Table 2.  Microbial invasion of the amniotic cavity in women with preterm PROM as determined by amniotic fluid studies obtained by transabdominal amniocentesis Thumbnail image of

Microbial invasion of the amniotic cavity in patients presenting with acute cervical incompetence

We have determined that 51.5% of patients presenting with cervical dilatation of 2 cm or more and intact membranes between 14 and 24 weeks’ gestation have a positive amniotic fluid culture for micro-organisms.92 The outcome of patients with microbial invasion was uniformly poor as they developed subsequent complications (rupture of membranes, clinical chorioamnionitis or pregnancy loss). An infection-induced spontaneous abortion may be indistinguishable from that of an incompetent cervix.

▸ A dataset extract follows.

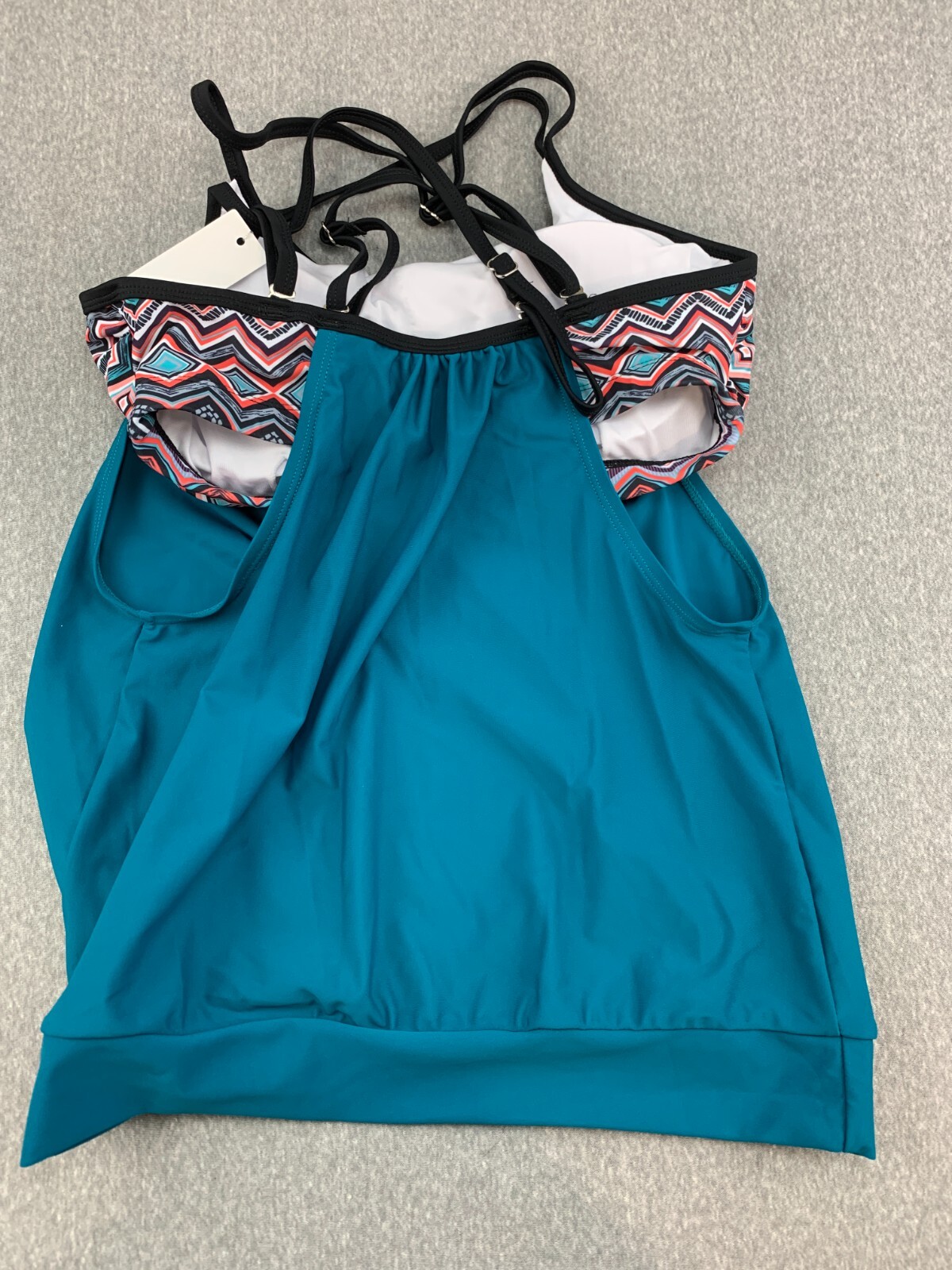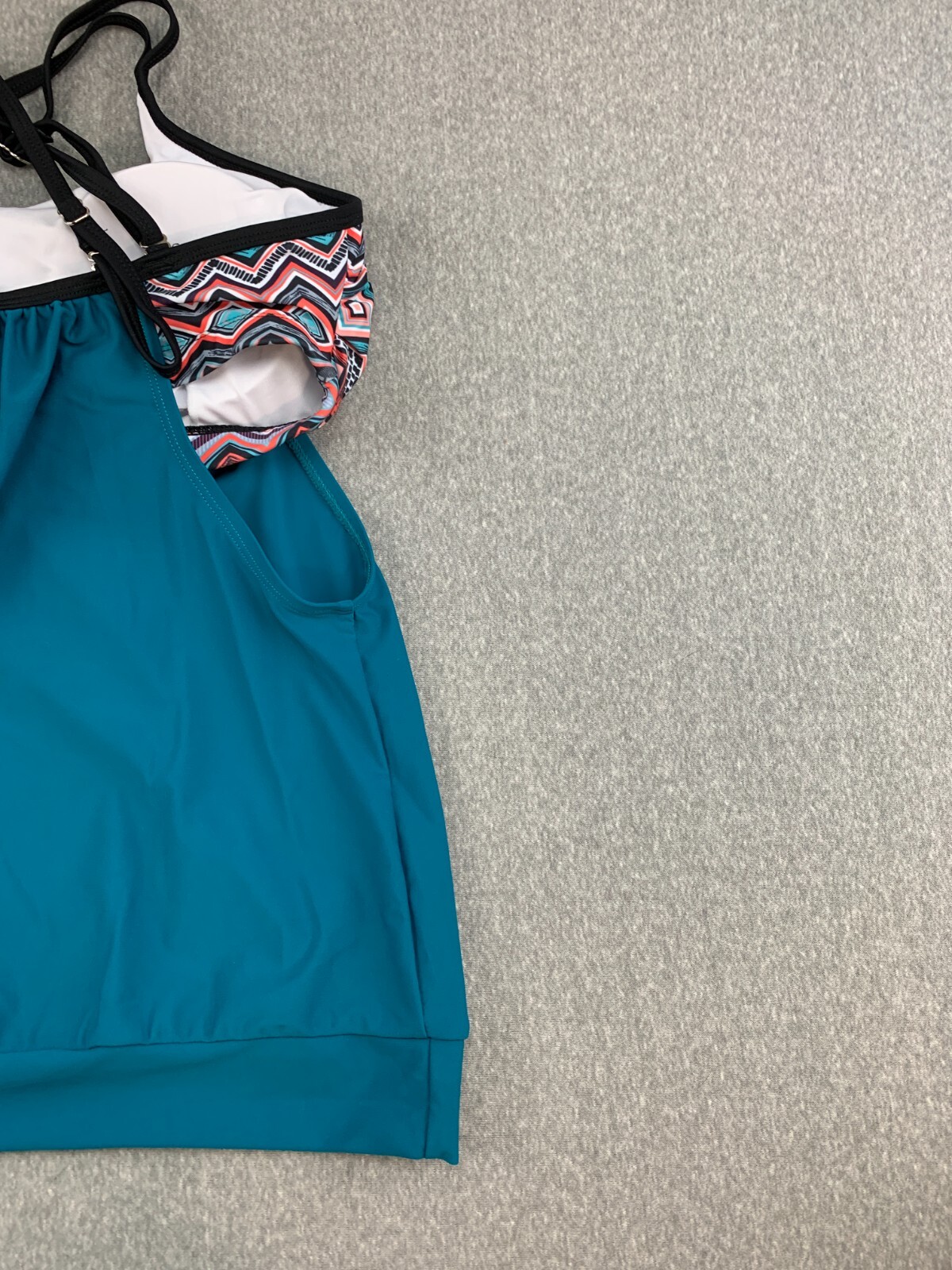 Holipick Tankini Swimsuit Athletic Top Womens size 16w Aztec Print Teal Blue Fun

Microbial invasion of the amniotic cavity in patients with twin gestations and preterm labour

Although multiple gestation is a known risk factor for preterm delivery, the cause of preterm delivery in this setting is poorly understood. The traditional explanation for the higher rate of preterm delivery in these pregnancies has been that uterine overdistension causes premature activation of the mechanisms responsible for the initiation of labour. It is also possible, however, that the premature cervical effacement and dilatation that occurs in multiple gestations favours an ascending infection and this, in turn, leads to preterm labour or PROM. We found that microbial invasion of the amniotic cavity occurs in 11.9% of twin gestations that present with preterm labour and deliver a preterm neonate.93 This finding is in contrast to the 21.6% observed in singleton gestations with preterm labour and delivery.28 These data suggest that intra-amniotic infection is a possible cause of preterm labour and delivery in twin gestation, but they do not support the hypothesis that intra-amniotic infection is responsible for the excessive rate of preterm delivery observed in these patients. Other investigators have confirmed that microbial invasion of the amniotic cavity occurs in patients with multiple gestations and have provided different estimates of the frequency of this condition.94,95

Microbial invasion of the amniotic cavity and fetal infection

The most advanced and serious stage of ascending intrauterine infection is fetal infection (stage IV). The overall mortality rate of neonates with congenital neonatal sepsis ranges between 25% and 90%.96[97][98][99]–100 The wide range of these studies may represent the effect of gestational age on the likelihood of survival. One study that focused on infants born before 33 weeks’ gestation found that the mortality rate was 33% for those infected and 17% for non-infected fetuses. Carroll et al.88 have reported that fetal bacteraemia is found in 33% of fetuses with positive amniotic fluid culture and 4% of those with negative amniotic fluid culture. Therefore, subclinical fetal infection is far more common than traditionally recognised.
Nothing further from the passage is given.